== Segment start ==

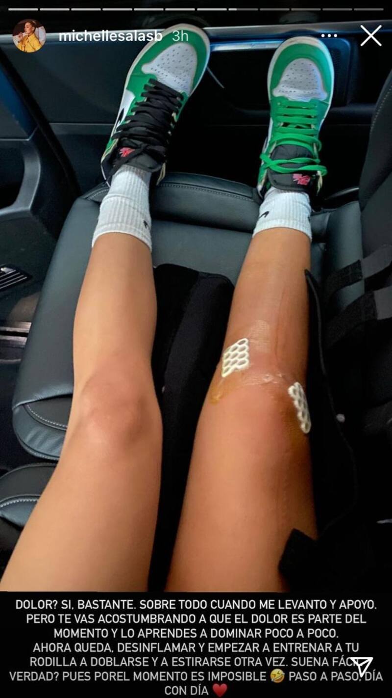 También explicó en dichas historias de Instagram, el proceso que llevará para recuperase: "Ahora qued, desinflamar y empezar a entrenar a tu rodilla a doblarse y a estirarse otra vez. Suena fácil verdad? pues por el momento es imposible" concluyendo el post con un mensaje positivo, "paso a paso , día a día".
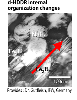 In the reaction between the NdFeB alloy and hydrogen, first a 2-phase structure is formed with a lamellar structure of Fe containing supersaturated B and NdH. The ferrous phase has deformation in one direction caused by the lamellar structure and the Fe B phase is observed forming aligned orientation as a crystal to mitigate the deformation (figure on right). In the hydrogen release process, the Fe B phase is recrystallized and the orientation of the crystals is aligned. That is, the Fe B phase functions as a phase with memory of the orientation before the reaction. This unique metallurgical anisotropic mechanism is presented as a TM (texture memory) effect.
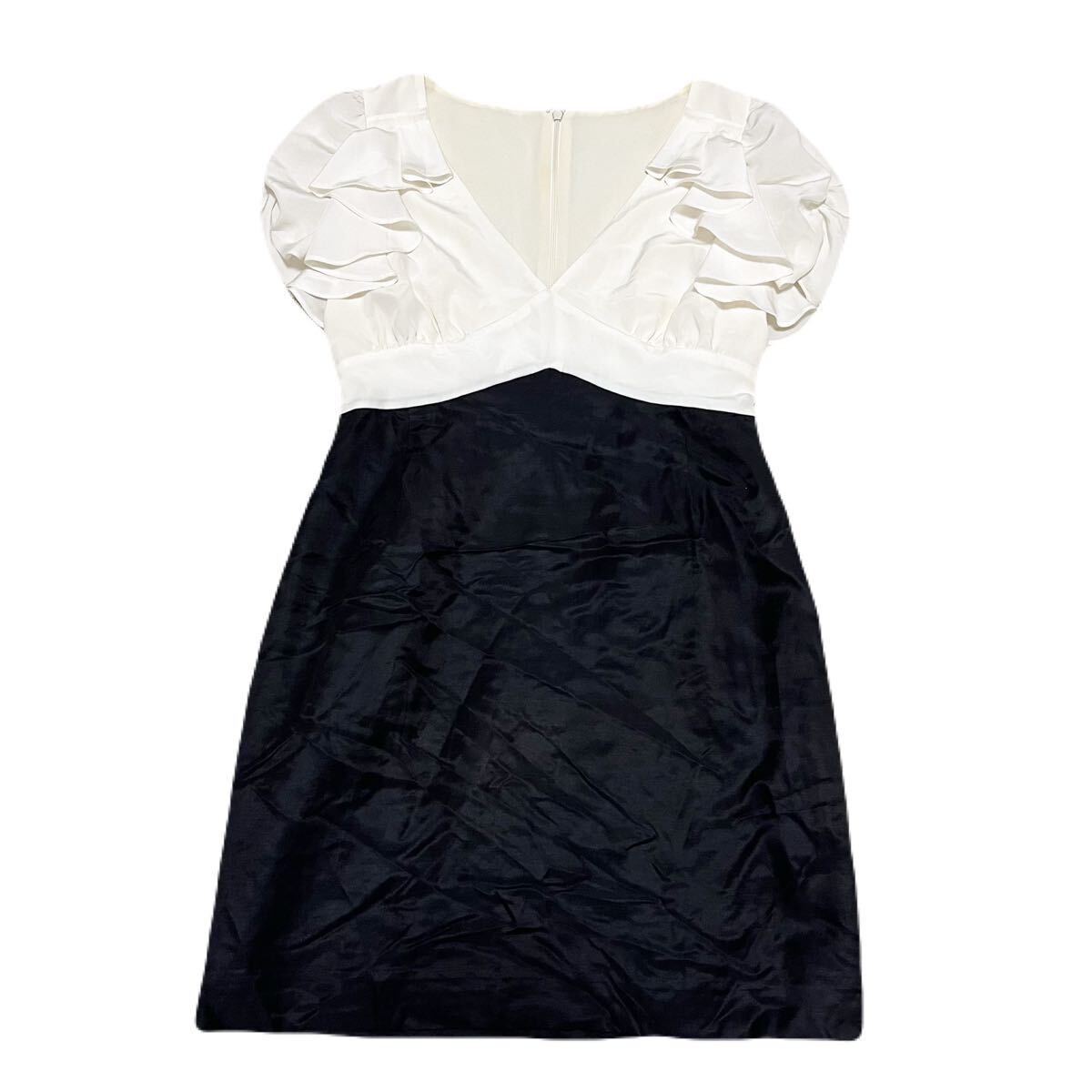 和752★ Chesty チェスティ フリルショートスリーブ タイトワンピース Vネック 1 ホワイト ブラック レディース
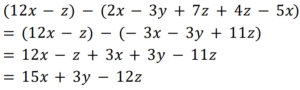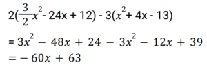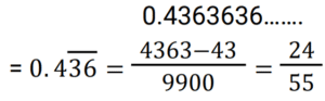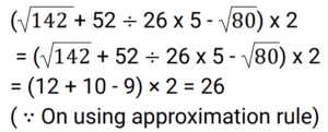 Simplification (Railway Maths) (101 to 150)Total Questions: 5021. The value of 1/4 + 2/5 ÷ [{2 1/5 − 2} × 5] − 2/3 × 3/5 is: [Group D 29/08/2022 (Morning)](a) 3/5(b) 2/3(c) 1/4(d) 5/6Correct Answer: (c) 1/4Solution:22. The fraction equivalent to 0.4363636...... is:(a) 24/55(b) 236/99(c) 42/99(d) 42/100Correct Answer: (a) 24/55Solution:23. Subtract the sum of 2x − 3y + 7z and 4z − 5x from 12x − z. [Group D 29/08/2022 (Morning)](a) 15x + 3y − 12z(b) x + 12y − 12z(c) 3x + 3y − 3z(d) 4x + 7yCorrect Answer: (a) 15x + 3y − 12zSolution:24. Find the value of √9604. [Group D 29/08/2022 (Afternoon)](a) 74(b) 98(c) 89(d) 72Correct Answer: (b) 98Solution:√9604 = √(2 × 2 × 7 × 7 × 7 × 7) = 2 × 7 × 7 = 9825. The value of 3/7 + 2/7 + 1/14 + 2/7 - 3? [Group D 29/08/2022 (Afternoon) ](a) 27/14(b) -27/14(c) 13/14(d) -13/14Correct Answer: (b) -27/14Solution:26. The value of 0.2 × 0.2 × 0.2 − 0.02 × 0.02 × 0.02/ 2 × 2 × 2 = ? [Group D 29/08/2022 (Afternoon) ](a) 0.0090(b) 0.000999(c) 0.999(d) 0.00999Correct Answer: (b) 0.000999Solution:27. Simplify x(2x - 5) + 6(x² - 4) + 18? [Group D 29/08/2022 (Afternoon) ](a) 8x² + 5x + 6(b) 8x² + 5x − 6(c) 8x² − 5x + 6(d) 8x² − 5x − 6Correct Answer: (d) 8x² − 5x − 6Solution:x(2x - 5) + 6(x² - 4) + 18 = 2x² - 5x + 6x² - 24 + 18 = 8x² - 5x - 628. Simplify: 9991 × 10009? [Group D 29/08/2022 (Afternoon)](a) 91,999,919(b) 99,999,19(c) 99,999,919(d) 99,999,99Correct Answer: (c) 99,999,919Solution:9991 × 10009 = (10000 − 9) × (10000 + 9) = 100000000 − 81 = 99,999,91929. Simplify 2(3/2 x² − 24x + 12) − 3(x² + 4x − 13)? [Group D 29/08/2022 (Evening)](a) −60x + 63(b) 60x − 63(c) 60x + 63(d) −60x − 63Correct Answer: (a) −60x + 63Solution:30. Which of the following options is the closest approximate value which will come in place of the question mark (?) in the following equation?(√142 + 52 ÷ 26 × 5 − √80) × 2 = ?(a) 32(b) 30(c) 26(d) 20Correct Answer: (c) 26Solution:Submit Quiz« Previous12345Next »
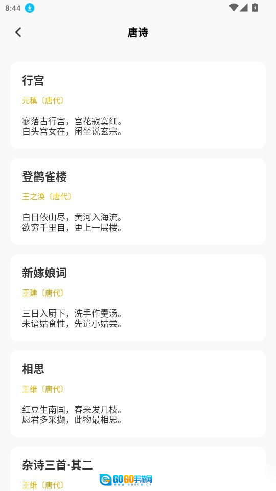 进入唐诗详情页面后,就能浏览到所有唐代诗词,你可以挑选感兴趣的诗词点击查看。

== Segment end ==

◆ PROBLEM STATEMENT
The listing should be transcribed exactly. No picture is to appear in the transcription.

◆ SOLUTION TO THE EXERCISE
 También explicó en dichas historias de Instagram, el proceso que llevará para recuperase: "Ahora qued, desinflamar y empezar a entrenar a tu rodilla a doblarse y a estirarse otra vez. Suena fácil verdad? pues por el momento es imposible" concluyendo el post con un mensaje positivo, "paso a paso , día a día".
 In the reaction between the NdFeB alloy and hydrogen, first a 2-phase structure is formed with a lamellar structure of Fe containing supersaturated B and NdH. The ferrous phase has deformation in one direction caused by the lamellar structure and the Fe B phase is observed forming aligned orientation as a crystal to mitigate the deformation (figure on right). In the hydrogen release process, the Fe B phase is recrystallized and the orientation of the crystals is aligned. That is, the Fe B phase functions as a phase with memory of the orientation before the reaction. This unique metallurgical anisotropic mechanism is presented as a TM (texture memory) effect.
 和752★ Chesty チェスティ フリルショートスリーブ タイトワンピース Vネック 1 ホワイト ブラック レディース
 Simplification (Railway Maths) (101 to 150)Total Questions: 5021. The value of 1/4 + 2/5 ÷ [{2 1/5 − 2} × 5] − 2/3 × 3/5 is: [Group D 29/08/2022 (Morning)](a) 3/5(b) 2/3(c) 1/4(d) 5/6Correct Answer: (c) 1/4Solution:22. The fraction equivalent to 0.4363636...... is:(a) 24/55(b) 236/99(c) 42/99(d) 42/100Correct Answer: (a) 24/55Solution:23. Subtract the sum of 2x − 3y + 7z and 4z − 5x from 12x − z. [Group D 29/08/2022 (Morning)](a) 15x + 3y − 12z(b) x + 12y − 12z(c) 3x + 3y − 3z(d) 4x + 7yCorrect Answer: (a) 15x + 3y − 12zSolution:24. Find the value of √9604. [Group D 29/08/2022 (Afternoon)](a) 74(b) 98(c) 89(d) 72Correct Answer: (b) 98Solution:√9604 = √(2 × 2 × 7 × 7 × 7 × 7) = 2 × 7 × 7 = 9825. The value of 3/7 + 2/7 + 1/14 + 2/7 - 3? [Group D 29/08/2022 (Afternoon) ](a) 27/14(b) -27/14(c) 13/14(d) -13/14Correct Answer: (b) -27/14Solution:26. The value of 0.2 × 0.2 × 0.2 − 0.02 × 0.02 × 0.02/ 2 × 2 × 2 = ? [Group D 29/08/2022 (Afternoon) ](a) 0.0090(b) 0.000999(c) 0.999(d) 0.00999Correct Answer: (b) 0.000999Solution:27. Simplify x(2x - 5) + 6(x² - 4) + 18? [Group D 29/08/2022 (Afternoon) ](a) 8x² + 5x + 6(b) 8x² + 5x − 6(c) 8x² − 5x + 6(d) 8x² − 5x − 6Correct Answer: (d) 8x² − 5x − 6Solution:x(2x - 5) + 6(x² - 4) + 18 = 2x² - 5x + 6x² - 24 + 18 = 8x² - 5x - 628. Simplify: 9991 × 10009? [Group D 29/08/2022 (Afternoon)](a) 91,999,919(b) 99,999,19(c) 99,999,919(d) 99,999,99Correct Answer: (c) 99,999,919Solution:9991 × 10009 = (10000 − 9) × (10000 + 9) = 100000000 − 81 = 99,999,91929. Simplify 2(3/2 x² − 24x + 12) − 3(x² + 4x − 13)? [Group D 29/08/2022 (Evening)](a) −60x + 63(b) 60x − 63(c) 60x + 63(d) −60x − 63Correct Answer: (a) −60x + 63Solution:30. Which of the following options is the closest approximate value which will come in place of the question mark (?) in the following equation?(√142 + 52 ÷ 26 × 5 − √80) × 2 = ?(a) 32(b) 30(c) 26(d) 20Correct Answer: (c) 26Solution:Submit Quiz« Previous12345Next »
 进入唐诗详情页面后,就能浏览到所有唐代诗词,你可以挑选感兴趣的诗词点击查看。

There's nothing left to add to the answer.